Improved Retrieval Alignment: Demonstrates that retrieval based on semantic labels outperforms direct text-similarity retrieval in aligning questions with specific assessment intents (e.g., distinguishing between policy existence and operational enforcement).
Open Source Release: The authors released the implementation, datasets, and evaluation scripts to ensure reproducibility.

4. Experimental Results

The framework was evaluated against an LLM-only baseline and traditional similarity methods using real-world (CAIQ) and synthetic datasets.

Computational Efficiency:
- Token Reduction: SSSL reduced token usage by 39.6% (from 57,146 to 34,527 tokens) during the labeling phase compared to LLM-only.
- Speedup: The kNN prediction phase achieved a ~1,460x speedup (0.22s vs. 322s) and a ~1,500x reduction in energy consumption compared to LLM-only inference.
- Cost: The kNN phase incurs zero LLM token costs.
Label Quality:
- Consistency: SSSL achieved high consistency (4.8/5) because labels are derived from cluster context rather than isolated questions.
- Trade-off: While the initial LLM phase had high correctness (3.5/5), the kNN propagation phase saw a drop in correctness (1.8/5). The authors attribute this to semantic drift when transferring labels across different standards (e.g., ISO vs. NIST) where terminology does not perfectly overlap.
Retrieval Performance:
- Label-Based Retrieval: Outperformed both BM25 and pure semantic similarity.
- Scores: In a composite query test (Q3), Label-Based Semantic Similarity scored 72/100, compared to 62 for pure semantic similarity and 58 for BM25. This confirms that explicit labels better capture multi-domain assessment intents.
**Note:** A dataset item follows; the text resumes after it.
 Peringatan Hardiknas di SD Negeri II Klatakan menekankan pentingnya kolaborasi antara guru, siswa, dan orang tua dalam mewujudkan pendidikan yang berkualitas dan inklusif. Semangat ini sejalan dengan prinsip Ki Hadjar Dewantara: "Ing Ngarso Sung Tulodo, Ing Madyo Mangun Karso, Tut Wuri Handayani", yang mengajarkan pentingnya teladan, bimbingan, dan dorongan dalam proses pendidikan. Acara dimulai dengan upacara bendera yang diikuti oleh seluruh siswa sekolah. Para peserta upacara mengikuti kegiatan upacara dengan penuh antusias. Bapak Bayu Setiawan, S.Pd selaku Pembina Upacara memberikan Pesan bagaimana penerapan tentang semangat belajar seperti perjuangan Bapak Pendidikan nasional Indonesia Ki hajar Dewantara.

5. Significance and Conclusion

This paper addresses a critical scalability issue in Third-Party Risk Management. By decoupling label discovery (expensive, high-quality LLM inference) from label assignment (cheap, fast kNN propagation), the SSSL framework makes it feasible to manage large, evolving compliance repositories without prohibitive costs.
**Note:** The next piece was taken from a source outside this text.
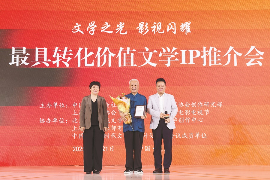在近日举办的“文学之光 影视闪耀——最具转化价值文学IP推介会”现场,中国作协向第四代导演谢飞颁发了“文影双馨”特别纪念牌,以感谢他在文学改编影视领域作出的贡献。谢飞的导演生涯与文学密不可分,其执导的9部电影、2部电视剧均根据文学作品改编。几十年游走于创作与教学之间的他,不仅站在文学的肩膀上推动中国电影走向国际舞台,更培育了陈凯歌、田壮壮、黄建新、贾樟柯等第五、六代导演领军人物,把尊重作家、尊重文学的理念深植入电影人心间。
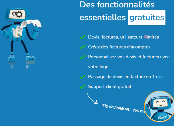 Oui, les fonctions de base (devis, factures, relances) sont gratuites sans limite de temps ni de volume. Seuls les services additionnels de confort ou de pilotage expert sont payants.

Practical Impact: Organizations can build adaptive TPRA questionnaires that are better aligned with specific risk scopes, reducing redundancy and improving the quality of supplier assessments.
Future Work: The authors suggest exploring label-level grouping (clustering labels rather than questions) to improve cross-standard transferability and extending the framework to automated question answering using organizational knowledge.

In summary, the paper demonstrates that semantic labeling, when optimized via a hybrid semi-supervised approach, is a superior strategy for TPRA question retrieval compared to raw text similarity, offering a balance of high accuracy, interpretability, and operational efficiency.